И еще тебЪ, господине, добро доспЪю,
Ъхати к тебЪ не смЪю.
Живешь ты, господине, вкупЪ,
а толчешь в ступе.
И то завернется у тобя в пупЪ,
потому что ты добрЪ опальчив вкруте.
И яз твоего величества не боюсь
и впредь тебЪ пригожусь.
Да велЪлъ ты, господине, взяти взаем ржи,
и ты, господине, не учини в нем лжи,
чтобы, господине, мнЪ очи твои радостно видати,
а тебЪ пожаловать: та моя рожь отдати.
Добро тебЪ надо мною подворити,
и в такой старости з голода не уморити,
и тебЪ, господину моему, недостатакъ своих,
что проел,— животишек — не забыти.
И я на тебя к богу плачюся,
что проел я останошною свою клячю.
И ты, господине, на благочестие уклонися,
а нам смилуйся, поплатися!
Милость покажи,
моей бедности конец укажи.
А докуду твоего платежу ждати?
И я а том не тужу
и сам себЪ не разсужу.
А тебя не вЪдаю, как положити и чем тебя одЪти:
шубою тебя одЪти —
и тебЪ опрЪти,
а портным одЪти —
и ты здрожышь,
у нас убежишъ,
и людей насмешишь,
а себя надсадишь.
А челом бы тебЪ ударил гостинца, да нечим,
потому что много к тебЪ послати не смЪю,
и ты все обреешъ,
чести не знаешь.
А мало послати к тебЪ не смЪю,
боюсь тебя: с сердца ушибешь
и гостинец не приимешь.
И ты нам дай сроку ненадолго,
и мы, как здумаем,
и тебЪ, что ни буди, пошлем.
Да пожалуй к нам в гости ни ногою,
а мы тебя не ждемь,
и ворота запираем,
а хлЪбъ да соль у нас про тобя на воротах гвоздием прибита.

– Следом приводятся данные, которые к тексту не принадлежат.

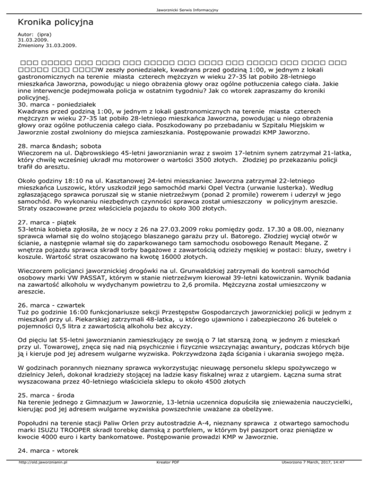 Jaworznicki Serwis Informacyjny Kronika policyjna Autor: (ipra) 31.03.2009. Zmieniony 31.03.2009. W zeszły poniedziałek, kwadrans przed godziną 1:00, w jednym z lokali gastronomicznych na terenie miasta czterech mężczyzn w wieku 27-35 lat pobiło 28-letniego mieszkańca Jaworzna, powodując u niego obrażenia głowy oraz ogólne potłuczenia całego ciała. Jakie inne interwencje podejmowała policja w ostatnim tygodniu? Jak co wtorek zapraszamy do kroniki policyjnej. 30. marca - poniedziałek Kwadrans przed godziną 1:00, w jednym z lokali gastronomicznych na terenie miasta czterech mężczyzn w wieku 27-35 lat pobiło 28-letniego mieszkańca Jaworzna, powodując u niego obrażenia głowy oraz ogólne potłuczenia całego ciała. Poszkodowany po przebadaniu w Szpitalu Miejskim w Jaworznie został zwolniony do miejsca zamieszkania. Postępowanie prowadzi KMP Jaworzno. 28. marca – sobota Wieczorem na ul. Dąbrowskiego 45-letni jaworznianin wraz z swoim 17-letnim synem zatrzymał 21-latka, który chwilę wcześniej ukradł mu motorower o wartości 3500 złotych. Złodziej po przekazaniu policji trafił do aresztu. Około godziny 18:10 na ul. Kasztanowej 24-letni mieszkaniec Jaworzna zatrzymał 22-letniego mieszkańca Luszowic, który uszkodził jego samochód marki Opel Vectra (urwanie lusterka). Według zgłaszającego sprawca poruszał się w stanie nietrzeźwym (ponad 2 promile) rowerem i uderzył w jego samochód. Po wykonaniu niezbędnych czynności sprawca został umieszczony w policyjnym areszcie. Straty oszacowane przez właściciela pojazdu to około 300 złotych. 27. marca - piątek 53-letnia kobieta zgłosiła, że w nocy z 26 na 27.03.2009 roku pomiędzy godz. 17.30 a 08.00, nieznany sprawca włamał się do wolno stojącego blaszanego garażu przy ul. Batorego. Złodziej wyciął otwór w ścianie, a następnie włamał się do zaparkowanego tam samochodu osobowego Renault Megane. Z wnętrza pojazdu sprawca skradł torby bagażowe z zawartością odzieży męskiej w postaci: bluzy, swetry i koszule. Wartość strat oszacowano na kwotę 16000 złotych. Wieczorem policjanci jaworznickiej drogówki na ul. Grunwaldzkiej zatrzymali do kontroli samochód osobowy marki VW PASSAT, którym w stanie nietrzeźwym kierował 39-letni katowiczanin. Wynik badania na zawartość alkoholu w wydychanym powietrzu to 2,6 promila. Mężczyzna został umieszczony w areszcie. 26. marca - czwartek Tuż po godzinie 16:00 funkcjonariusze sekcji Przestępstw Gospodarczych jaworznickiej policji w jednym z mieszkań przy ul. Piekarskiej zatrzymali 48-latka, u którego ujawniono i zabezpieczono 26 butelek o pojemności 0,5 litra z zawartością alkoholu bez akcyzy. Od pięciu lat 55-letni jaworznianin zamieszkujący ze swoją o 7 lat starszą żoną w jednym z mieszkań przy ul. Towarowej, znęca się nad nią psychicznie i fizycznie wszczynając awantury, podczas których bije ją i kieruje pod jej adresem wulgarne wyzwiska. Pokrzywdzona żąda ścigania i ukarania swojego męża. W godzinach porannych nieznany sprawca wykorzystując nieuwagę personelu sklepu spożywczego w dzielnicy Jeleń, dokonał kradzieży stojącej na ladzie kasy fiskalnej wraz z utargiem. Łączna suma strat wyszacowana przez 40-letniego właściciela sklepu to około 4500 złotych 25. marca - środa Na terenie jednego z Gimnazjum w Jaworznie, 13-letnia uczennica dopuściła się znieważenia nauczycielki, kierując pod jej adresem wulgarne wyzwiska powszechnie uważane za obelżywe. Popołudni na terenie stacji Paliw Orlen przy autostradzie A-4, nieznany sprawca z otwartego samochodu marki ISUZU TROOPER skradł torebkę damską z portfelem, w którym był paszport oraz pieniądze w kwocie 4000 euro i karty bankomatowe. Postępowanie prowadzi KMP w Jaworznie. 24. marca - wtorek http://old.jaworznianin.pl Kreator PDF Utworzono 7 March, 2017, 14:47 Jaworznicki Serwis Informacyjny W godzinach popołudniowych policjanci Ruchu Drogowego na ul. Św. Wojciecha zatrzymali 49-letniego mieszkańca gminy Alwernia, który będąc w stanie nietrzeźwym (0,6 promila), kierował samochodem marki Ford Fiesta. Postępowanie prowadzi KMP Jaworzno. 23. marca - poniedziałek 48-letnia mieszkanka Jaworzna zgłosiła, że na ul. Batorego dwóch znanych jej chłopców w wieku 16-lat, kopiąc nogami i uderzając rękoma po całym ciele doprowadzili do stanu bezbronności jej 15-letniego syna. Sprawcy następnie skradli pokrzywdzonemu telefon komórkowy marki NOKIA wartości 600 złotych. FOTO: Archiwum UM http://old.jaworznianin.pl Kreator PDF Utworzono 7 March, 2017, 14:47

И писать было к тебЪ немало,
да разуму не стало.
И ты пожалуй,
на нас не пеняй.
ПОСЛАНИЕ ДВОРЯНИНА К ДВОРЯНИНУ
Благих подателю и премудрому наказателю, нашего убожества милосерде взыскателю и скуднаго моего жителства присносущу питателю, государю моему имярек и отцу имярек, жаданный видЪти очес твоих свЪтло на собя, яко же преже бЪ не сытый зримаго и многоприятнаго милосердия твоего Фуников Иванец, яко же прежней рабец, греха же моего ради яко странный старец.
ВожделЪн до сладости малаго сего писанейца до твоего величества и благородия, не простирает бо ся сицево писанейцо за оскудЪние разума моего и за злу фортону сердца моего. Точию pЪx ти: буди, государь, храним десницею вышнаго параклита.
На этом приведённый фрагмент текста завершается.